AI is being used in a new kidnapping scam. A report by the New York Post detailed the story of one mother who received a phone call demanding a ransom for her daughter, whose voice cried for help in the background. Her daughter turned out to be safe and sound; her voice on the phone had been cloned by artificial intelligence.

Jennifer DeStefano recalled the details of the AI kidnapping scheme. She had just sent her 15-year-old daughter, Brie, on a ski trip. She later received a mortifying phone call. 

“I pick up the phone, and I hear my daughter’s voice, and it says, ‘Mom!’ and she’s sobbing,” DeStefano recalled. “I said, ‘What happened?’ And she said, ‘Mom, I messed up,’ and she’s sobbing and crying.”

Brie’s voice came through with all her natural inflection and emotion. AI had recreated Brie’s voice, leaving no doubt in her mother’s mind that this kidnapping was real.

Then a man’s voice told Brie to lie down. He spoke to Jennifer directly, saying that he would drug Brie, assault her, and leave her in Mexico if Jennifer did not pay a sum of one million dollars.

DeStefano trembled through the call, the AI voice of her daughter crying for help in the background to sell the kidnapping. She explained that she did not have that amount of money, getting the alleged kidnapper to reduce his price to $50,000.

artificial intelligence ai art

DeStefano was out at an activity with her other daughter. She got help from one of the other mothers and, after calls to 911 and DeStefano’s husband, found that Brie was safely intact on her ski trip.

Even after the situation was resolved, DeStefano was in shock. AI had so convincingly replicated her daughter’s voice that she believed every second of the kidnapping scam. Jennifer DeStefano is not the first person to encounter such a situation.

Phone scammers have been using AI to fool unsuspecting targets into thinking a kidnapping has occurred. According to Subbarao Kambhampati, an AI expert at Arizona State University, perpetrators need only three seconds of audio to convincingly reproduce someone’s voice. With larger sample sizes, the accuracy of the reproduction increases.

Oftentimes, predators find their victims and the samples they need on social media. The more a person puts their voice out into the world, the more susceptible they are to people using AI to fake their kidnapping.

For Jennifer and Brie DeStefanos, that was not the case. According to Jennifer, Brie has a very limited online presence; you would be hard-pressed to find her voice on social media. However, Brie does have interviews online where she talks about her achievements in school and sports.

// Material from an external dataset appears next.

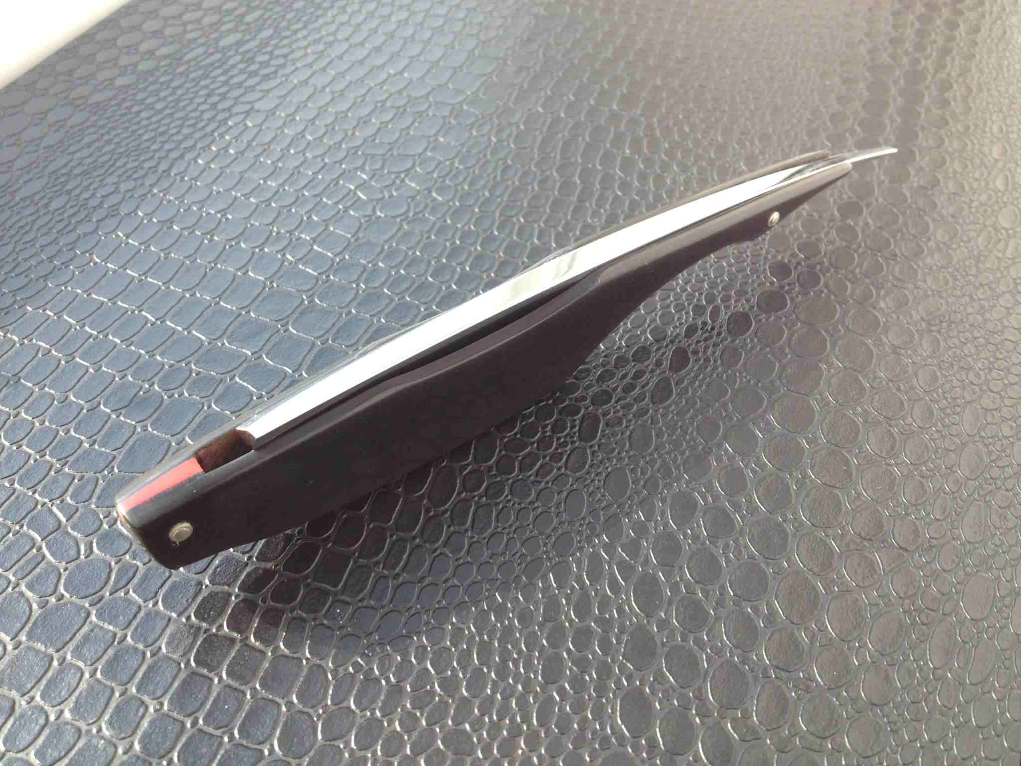 Побрился уже с приделанной ручкой - впечатления подтвердились - весьма остро, но щадяще, что вероятно говорит, о том, что помимо самой заточки на условно "камнях" была доработка на ремне с пастой На мой взгляд такое качество бритья говорит о том, что заточка была сделана замечательно, сталь / РК не имеет дискомфортных заусенцев, крошливости и прочего вот сейчас, как минимум (и визуально в МПБ3 это видно). Но, на мой взгляд, само качество стали и ТМО определится всё же несколько позже, через месяц где-то эксплуатации, наверное. Ручка - юма элфорин; Клинышек - олово; Пины - нейзильбер d1,6; Шайбы внешние - латунь из трубки (d1,7/3,0mm; h0,5mm), пунзельнутая на анке малёха:), внутр. - латунь d6mm, h0,2mm

Special Agent Dan Mayo of the FBI’s Phoenix office says that the more information people have about themselves online, the more susceptible they are to these types of scams. However, he also offers tips on how to beat the AI kidnapping scheme.

Anyone who gets a call similar to the one Jennifer DeStefano experienced should ask the kidnapper questions they could not possibly answer without actually having the person they claim to have. An emergency word that family members share with each other can also serve as a confirmation when such a suspicious scenario arises.

Threats like the one made against the DeStefano family have been reported several times recently. As technology evolves, so do those who abuse its power. In the ever-changing world of AI, people will have to take more and more precautions to avoid these dangerous, exploitative situations.